當科學涉及到授予獎勵時,它應該對僅僅是性別的偶然性視而不見;一個人不必成為擴大女性權利和特權的狂熱愛好者,也能感受到這裡有一位女性,她以其輝煌的成就贏得了與她在科學院或任何其他致力於促進科學的類似機構中的同僚並肩而立的權利。科學界無疑會同意科學院秘書加斯頓·達布的觀點,他敦促居里夫人有權繼承其已故丈夫倒數第二位擔任者的職位。
就其他國家的學術團體而言,選舉一位女性進入科學院肯定不是沒有先例的。事實上,包括費城哲學學會在內的幾個外國機構已經歡迎她加入他們的成員行列。達布舉例說明了埃爾西利亞·洛瓦泰利伯爵夫人的例子,她作為義大利皇家學院考古部門的院長,在最近的羅馬學院會議上發揮了重要作用,以及埃莉斯·溫德爾的例子,她在 1900 年德國科學院百年慶典期間在柏林是一位傑出人物。除了這些案例,我們還可以補充赫莎·艾爾頓的案例,她是英國電氣工程師學會唯一的女性成員,由於她發現了控制電弧某些現象的定律,因此被認為有資格當選該傑出機構的成員,以及瑪格麗特·林賽·哈金斯夫人的案例,由於她在天文學方面的寶貴工作以及她對致力於該科學分支的期刊的貢獻,她被選為英國皇家天文學會的名譽會員。
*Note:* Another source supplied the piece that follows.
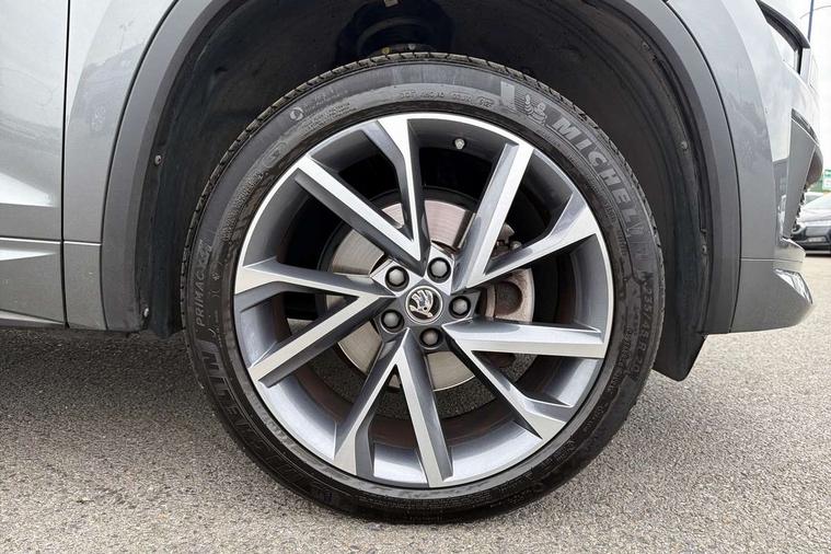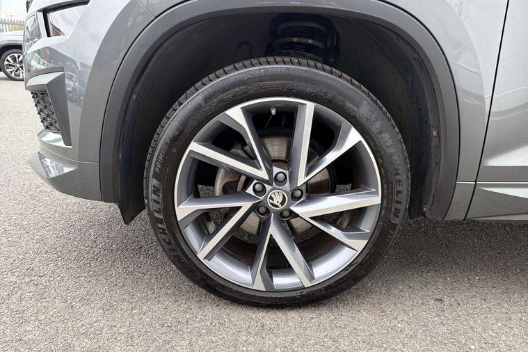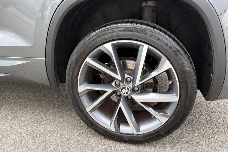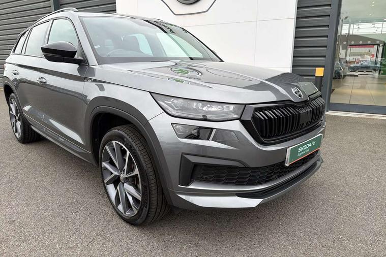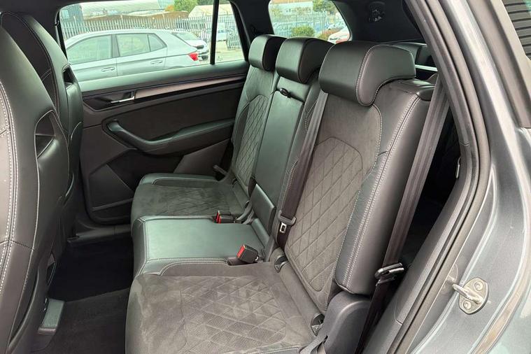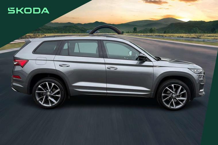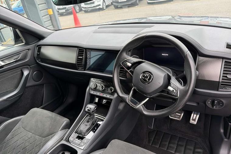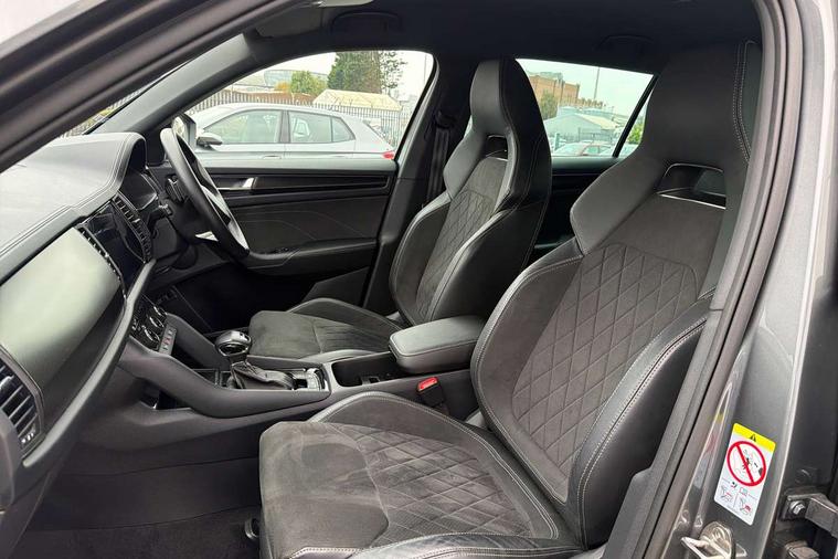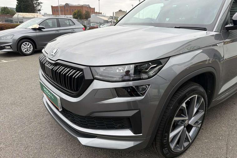 Bluetooth system, Columbus satellite navigation with 9.2" touchscreen, integrated Wi-Fi, web radio, Digital voice enhancement, e call+, ECO Stop/start function, Exterior temperature indicator, Progressive steering, Rear view camera, Smartlink wireless for apple carplay and wired for android auto, Speed limiter, Tailgate unlocking from outside, USB C Port x 2 in front centre console, Virtual Cockpit - 10.25" digital display with additional sports design, Wireless charging, 8 Speakers, DAB Digital radio, Aero front windscreen wipers with intermittent function, Aero rear window wiper, Auto dimming rear view mirror, Black roof rails, Black sports styling including front grille and window surrounds, Black wheel arch surrounds, Body colour bumpers, Body colour door handles, Electric adjustable/heated/folding door mirrors, driver side auto dimming with boarding sports and memory function, Electric front and rear windows, Extended rear spoiler with finlets in gloss black, Front fog lights, Full LED matrix headlights with AFS (adaptive front light system), cornering function and AWL (all weather lighting system), Gloss black door mirrors, Headlight washers, Heated rear window, Invisible tailpipe, LED daytime running lights, LED rear fog light, LED third brake light in rear spoiler, Light assistant (coming/leaving home/tunnel light), Off-road style lower front bumper element, Privacy glass, Rain and light sensors, Rear diffuser, Rear LED lights (high functionality) with welcome effect and dynamic indicators, Rear side wing doors, Safety reflectors on front and rear doors, Sportline badge on front fender, Sports front and rear bumpers including lower rear chrome strip, Tailgate lettering in Black, Window control switches with black trim, 12V socket in boot, 2 rails with 2 hooks, 2 seat bench in 3rd row, 3 seat bench in 2nd row, 4 foldable roof handles with rear coat hooks, 60:40 foldable rear seat with sliding adjustment and backrest angle adjustment, Aluminium pedals, Black roof headlining, Bottle holders in door panel in the 1.5 litre front and 1 litre rear, Cargo storage compartments, Chrome headlight control button, Chrome interior door handles, Coat hooks on B pillar, Covered storage compartment on driver side, Decorative door sill covers, Front and rear door armrest with black adductor trim, Front centre armrest with storage compartment, cup holder and 12V socket, Front courtesy lights, Gear shift lever with chrome frame and black gloss insert, Grey stitching in front and rear armrests and door armrests + door inserts, Height adjustable front headrests, Illuminated and cooled glovebox, Illuminated luggage compartment, Isofix child seat fittings in outer rear seats with top tether, Manually adjustable steering column, Microsuede door panels, Net programme in boot (1x horizontal Net, 2x vertical Nets), Overhead glasses storage compartment, Pollen filter, Rear centre armrest with cupholders, Single front passenger seat, Sliding trunk cover, Small Bags on the inner sides of the front backrests, Sports seats, Sunvisors with illuminated vanity mirrors, Three rear height adjustable headrests, Ticket holder on A Pillar, Umbrella in door panel, Variable boot floor, LED Interior light pack - Kodiaq, Auto door release and activation of warning lights in the event of an accident, Child locks on rear doors, Driver and front passenger airbag with knee airbag and front passenger airbag deactivation, Electronic parking brake with hill start assist, Emergency rear braking signal, ESC (incl. ABS+MSR+ASR+EDS+HBA+DSR+RBS+MKB), Front assist with autonomous emergency braking, Front side airbags with curtain airbags, Fuel cut off safety device, Height adjustable front 3 point seatbelts + pretensioners, Hill hold control, Rear disc brakes, Safety vest holder in door, Seat belt reminder for all seats, Three point rear seat belts, Two tone horn, Tyre pressure monitor, Alarm with interior monitoring and tilt sensor with safe function, Anti-theft wheel bolts, Immobiliser, Keyless entry and start system (KESSY), Remote central locking with 2 keys, Black air vent surround, Carbon finish dashboard and door inserts, Grey stitching in dashboard, 20" Vega Anthracite alloy wheels, Temporary spare wheel (space saver),

在本期雜誌的其他地方,提到了對美國科學家的統計研究,該研究使卡特爾教授注意到,女性在生產性科學工作中貢獻的份額非常小。 如果是這樣,那麼很明顯,反對承認這些女性的權利,將進一步阻止女性進入一個工作領域,在這個領域中,她們的耐心、智慧和強烈的直覺感知使她們特別適合勞動。